Comment 2•6 years ago
|
||
would activedata recipe be a better solution? Any solution is better than none- ideally getting alerts or reports would be ideal.
Assignee | ||
Comment 3•6 years ago
|
||
Sample output from the thjobtimes.py prototype. Some issues to note: - This took 38 minutes to run and made thousands of requests to treeherder and taskcluster. - Some jobs identified as potentially troublesome are probably not actionable: test-linux64-asan/opt-cppunit :: [210, 538, 3669, 208, 1674, 517, 738, 210] vs 3600 seconds (5 - 101%) On the other hand, the prototype does find specific issues, like this known issue that got me started on this idea: test-linux64-ccov/debug-web-platform-tests-e10s-2 :: [7544, 7711, 7204, 7636, 7543, 7439, 7515] vs 7200 seconds (100 - 107%)
Assignee | ||
Comment 4•6 years ago
|
||
(In reply to Joel Maher ( :jmaher ) (UTC-4) from comment #2) > would activedata recipe be a better solution? Any solution is better than > none- ideally getting alerts or reports would be ideal.
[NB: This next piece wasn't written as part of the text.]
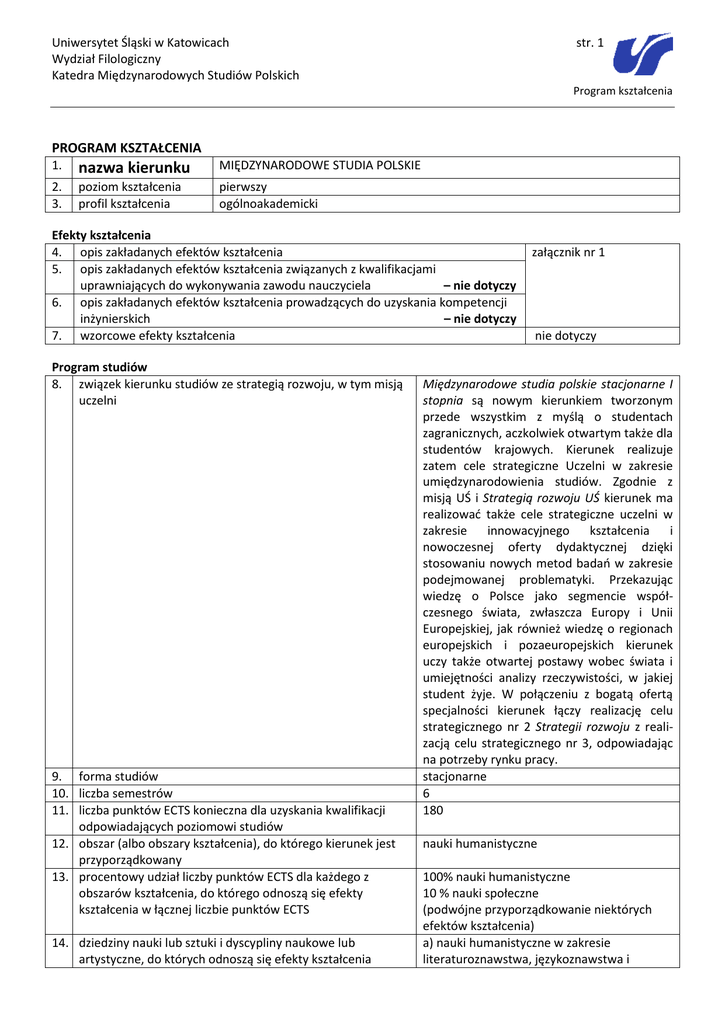 Program kształcenia - Katedra Międzynarodowych Studiów Polskich
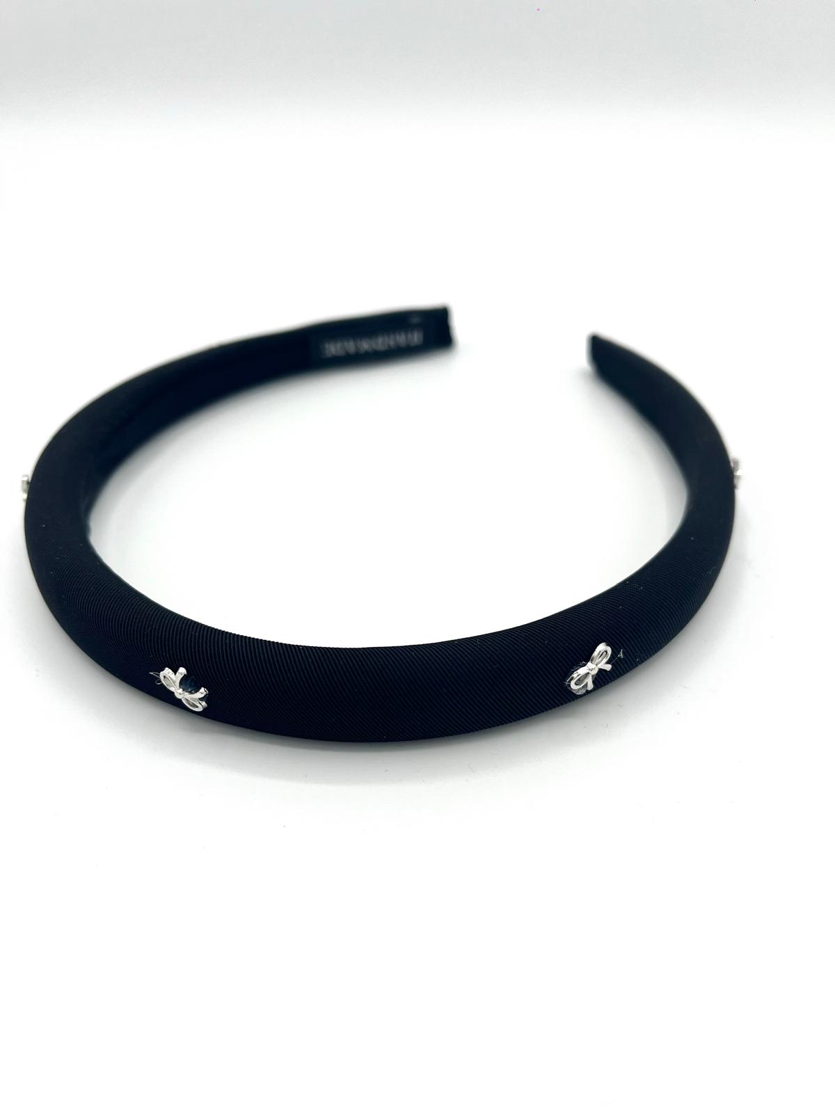 Deze zwarte haarband met zilverkleurige strikjes is de perfecte touch voor bij elke look. Het smalle design geeft een fijne uitstraling, terwijl de speelse strikjes zorgen voor een lieve en stijlvolle vibe. Ideaal voor een feestje, speciale gelegenheid of gewoon om je dagelijkse outfit iets extra’s te geven.

There is an existing recipe for Task Durations, but it doesn't seem accurate. I've had trouble in the past getting reliable durations from ActiveData; that's probably fixable with effort. A bigger problem may be relating task durations to max-run-time. Still, ActiveData is definitely an alternative to consider.
Assignee | ||
Comment 5•6 years ago
|
||
(In reply to Geoff Brown [:gbrown] from comment #4) > A bigger problem may be > relating task durations to max-run-time. Or not... { "from":"task", "select":["run.name","action.duration","task.maxRunTime"] }
Assignee | ||
Updated•6 years ago
|
Priority: -- → P3
Assignee | ||
Comment 6•6 years ago
|
||
This is pretty good: { "from":"task", "groupby":["run.name"], "limit":1000, "select":[ { "value":"action.duration", "aggregate":"average", "name":"average duration" }, { "value":"action.duration", "aggregate":"max", "name":"max duration" }, { "value":"task.maxRunTime", "aggregate":"min", "name":"maxRunTime" }, {"aggregate":"count"} ], "where":{"and":[ {"gte":{"task.run.start_time":{"date":"2018-06-28"}}}, {"eq":{"state":"completed"}}, {"eq":{"kind":"test"}}, {"in":{"build.branch":["autoland","mozilla-inbound","mozilla-central"]}}, {"regexp":{"run.name":"test-android-em.*"}} ]} } "run.name" "average duration" "max duration" "maxRunTime" "count" "test-android-em-4.3-arm7-api-16/opt-geckoview-junit" 1461.6925822226206 2241.7509999275208 3600 225 "test-android-em-4.3-arm7-api-16/opt-marionette-4" 724.364691273478 1771.4939999580383 3600 149 "test-android-em-4.3-arm7-api-16/debug-mochitest-26" 1833.9672837724556 2930.5209999084473 7200 148 "test-android-em-4.3-arm7-api-16/debug-marionette-6" 1001.4378639419062 2096.792999982834 3600 147 "test-android-em-4.3-arm7-api-16/debug-mochitest-clipboard" 1052.1142465725336 1928.7569999694824 3600 146 "test-android-em-4.3-arm7-api-16/debug-marionette-8" 1000.6796206852486 2330.8700001239777 3600 145 ... :ekyle -- A few (non-urgent) questions for you: 1. When I change the start_time date to something more recent, say, 2018-07-01, my counts go to 0. Why? 2. Can I relate the duration to the maxRunTime in a query? I'd really like to select these numbers but restrict rows to something like "where average(duration) > 90% maxRunTime". (Obviously I can do that filtering with post-processing, but wonder if the query itself can do it.) 3. I am struggling to define what I really want here. Generally, I am interested in tasks when duration approaches maxRunTime, but I want to ignore infrequent cases where maxRunTime is much higher than normal (sometimes we get a slow machine, or a bad changeset is checked in for a while, then backed out). average vs percentile vs ...? 4. Any other observations or insights that might help here?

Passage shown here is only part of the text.